The messaging API is given by codes/model-net.h, through the
model_net_event family of functions. Usage can be found in the example program
of the codes-base repository.
== LP configuration / mapping
model-net LPs, like any other LP in CODES/ROSS, require specification in the
configuration file as well as LP-specific parameters. To identify model-net LPs
to CODES, we use the naming scheme of prefixing model-net LP names with the
string "modelnet_". For example, the "simplenet" LP (see "model-net models")
would be specified in the LPGROUPS section as "modelnet_simplenet".
Currently, model-net LPs expect their configuration values in the PARAMS
section. This is due to historical precedent and may be changed in the future
to use their own dedicated section. There are a combination of general
model-net parameters and model-specific parameters. The general parameters are:
* modelnet_order - this is the only required option. model-net assigns integer
IDs to the different types of networks used (independent of annotation) so
that the user can differentiate between different network topologies without
knowing the particular models used. All models used in the CODES
configuration file must be referenced in the parameter. See
doc/example_heterogeneous in the codes-base repository.
* packet_size - the size of packets model-net will break messages into
* modelnet_scheduler - the algorithm for scheduling packets when multiple
concurrent messages are being processed. Options can be found in the
SCHEDULER_TYPES macro in codes/model-net-sched.h). In particular, the
"priority" scheduler requires two additional parameters in PARAMS:
"prio-sched-num-prios" and "prio-sched-sub-sched", the former of which sets
the number of priorities to use and the latter of which sets the scheduler
used for messages with the same priority.
== Statistics tracking
model-net tracks basic statistics for each LP such as bytes sent/received and
time spent sending/receiving messages.
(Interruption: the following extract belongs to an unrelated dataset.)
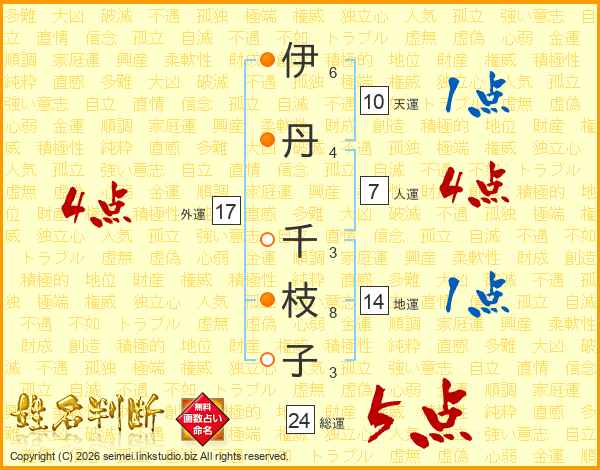 伊(6画)丹(4画) 千(3画)枝(8画)子(3画)

If LP-IO has been enabled in the
program, they will be printed to the specified directory.
= model-net models
Currently, model-net contains a combination of analytical models and specific
models for high-performance networking, with an HPC bent.
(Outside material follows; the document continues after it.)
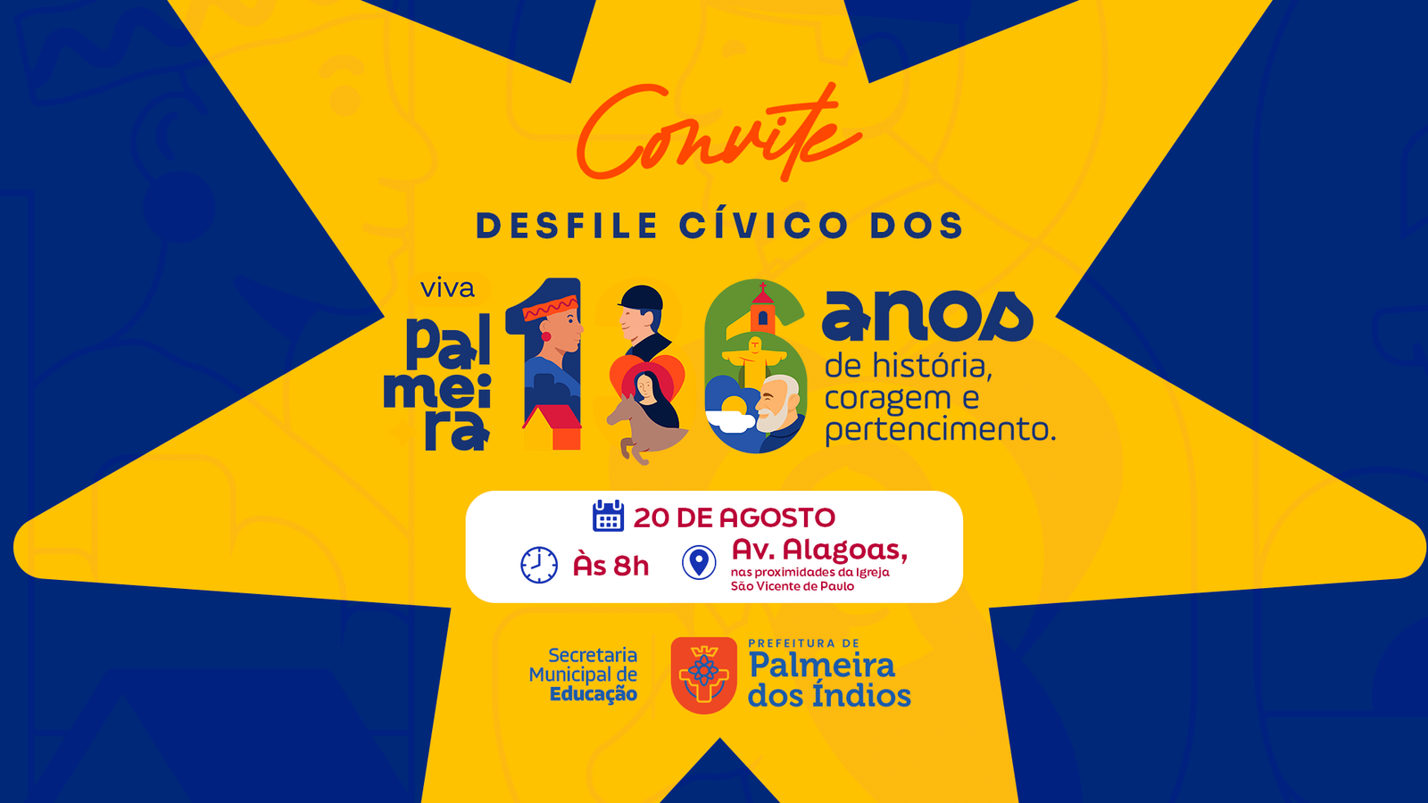 A Prefeitura de Palmeira dos Índios, por meio da Secretaria Municipal de Educação, realizará nesta quarta-feira (20) o tradicional Desfile Cívico em comemoração à Emancipação Política do município, que este ano tem como tema “136 anos de história, coragem e pertencimento”. A concentração será às 7h30, na Avenida Alagoas. O hasteamento das bandeiras acontece às 8h, seguido pelo início do Desfile, às 8h30.

Configuration files for each model can be found in tests/conf, under the name
"model-net-test*.conf".
== Simplenet/Simplewan
The Simplenet and Simplewan models (model-net LP names "simplenet" and
"simplewan") are basic queued point-to-point latency/bandwidth models, assuming
infinite packet buffering when routing. These are best used for models that
require little fidelity out of the network performance. Simplewan is the same
model as Simplenet, except it provides heterogeneous link capacities from point
to point. Rather than a single entry, it requires files containing a matrix of
point-to-point bandwidths and latencies.
Simplenet models require two configuration parameters: "net_startup_ns" and
"net_bw_mbps", which define the startup and bandwidth costs in nanoseconds and
megabytes per second, respectively. Simplewan requires two configuration files
for the startup and bandwidth costs: "net_startup_ns_file" and
"net_bw_mbps_file".
More details about the models can be found at
src/models/networks/model-net/doc/README.simplenet.txt and
src/models/networks/model-net/doc/README.simplewan.txt, respectively.
== LogGP
The LogGP model (model-net LP name: "loggp"), based on the LogP
model, is a more advanced analytical model, containing point-to-point latency
("L"), CPU overhead ("o"), a minimum time between consecutive messages ("gap",
or "g"), and a time-per-byte-sent ("G") independent from the gap.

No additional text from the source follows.